Keempat, Jokowi tidak populer di kelompok pemilih Islam politik. LSI Denny JA menanyakan pertanyaan khusus kepada pemilih Islam, bagaimana pendapat mereka tentang pandangan bahwa agama harus dipisah dari politik. Sebesar 47.8 persen menyatakan bahwa agama dan politik adalah satu kesatuan.
“Agama tidak boleh dipisahkan dari politik. Sementara sebesar 35.8 persen
menyatakan bahwa agama harus dipisahkan dari politik. Dari mereka yang menyatakan bahwa agama harus dipisahkan dari politik, mayoritas (56.4%) menyatakan akan memilih Jokowi. Hanya 39.7 persen yang menyatakan akan memilih capres lainnya,” kata dia.
Sementara pada pemilih yang menyatakan bahwa agama dan politik tak dapat dipisahkan, justru lebih banyak yang inginkan presiden baru, yaitu sebesar 43.99 persen. Dan sebesar 39.3 persen menyatakan akan memilih Jokowi. “Data ini menunjukan bahwa Jokowi kalah populer di komunitas Islam politik
yang sedang menggeliat,” kata dia.
Kelima, Jokowi dinilai publik masih lemah dan bisa dikalahkan.
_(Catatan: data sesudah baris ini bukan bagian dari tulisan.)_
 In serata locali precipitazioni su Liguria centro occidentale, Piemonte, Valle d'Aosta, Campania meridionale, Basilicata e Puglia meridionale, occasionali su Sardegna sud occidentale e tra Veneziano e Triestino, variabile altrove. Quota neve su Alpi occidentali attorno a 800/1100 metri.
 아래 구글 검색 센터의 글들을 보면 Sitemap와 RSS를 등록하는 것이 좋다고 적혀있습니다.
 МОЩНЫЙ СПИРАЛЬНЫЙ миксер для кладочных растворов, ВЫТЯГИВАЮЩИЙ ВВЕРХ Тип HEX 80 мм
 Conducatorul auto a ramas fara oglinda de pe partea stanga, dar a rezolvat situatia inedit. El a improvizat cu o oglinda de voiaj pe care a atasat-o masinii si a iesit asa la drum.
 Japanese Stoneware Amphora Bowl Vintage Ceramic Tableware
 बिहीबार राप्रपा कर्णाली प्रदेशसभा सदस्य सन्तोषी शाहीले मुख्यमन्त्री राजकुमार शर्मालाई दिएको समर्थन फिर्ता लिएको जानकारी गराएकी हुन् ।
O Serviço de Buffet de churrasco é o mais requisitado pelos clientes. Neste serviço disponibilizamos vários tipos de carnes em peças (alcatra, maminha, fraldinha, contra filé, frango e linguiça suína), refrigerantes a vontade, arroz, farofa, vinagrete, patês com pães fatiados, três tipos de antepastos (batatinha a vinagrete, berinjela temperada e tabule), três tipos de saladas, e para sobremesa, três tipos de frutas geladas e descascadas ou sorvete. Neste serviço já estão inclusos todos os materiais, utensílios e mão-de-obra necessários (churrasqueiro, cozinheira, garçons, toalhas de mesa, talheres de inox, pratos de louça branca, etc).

Survei ini menunjukan bahwa hanya sebesar 32.28 persen yang menyatakan Jokowi kuat dan akan menang. Dan sebesar 28.02 persen menyatakan bahwa Jokowi masih bisa dikalahkan. Sementara sebesar 39.70 persen menyatakan tidak tahu.
Lalu siapakah cawapres paling potensial? LSI Denny JA mengembangkan sebuah metode baru dalam mengukur potensi dan kelayakan cawapres. Metode yang digunakan adalah expert judgment. Metode ini dikembangkan karena pengalaman pilpres 2009.
“Ketika SBY sebagai petahana saat itu memilih Boediono sebagai cawapres. Boediono bukanlah tokoh yang saat itu memiliki elektabilitas yang tinggi. Namun SBY memiliki kriteria dan pertimbangan lain dalam memilih Boediono. Oleh karena itu, LSI Denny JA mengembangkan metode baru yang tidak hanya mempertimbangkan elektabilitas dalam mengukur potensi dan kelayakan cawapres,” katanya.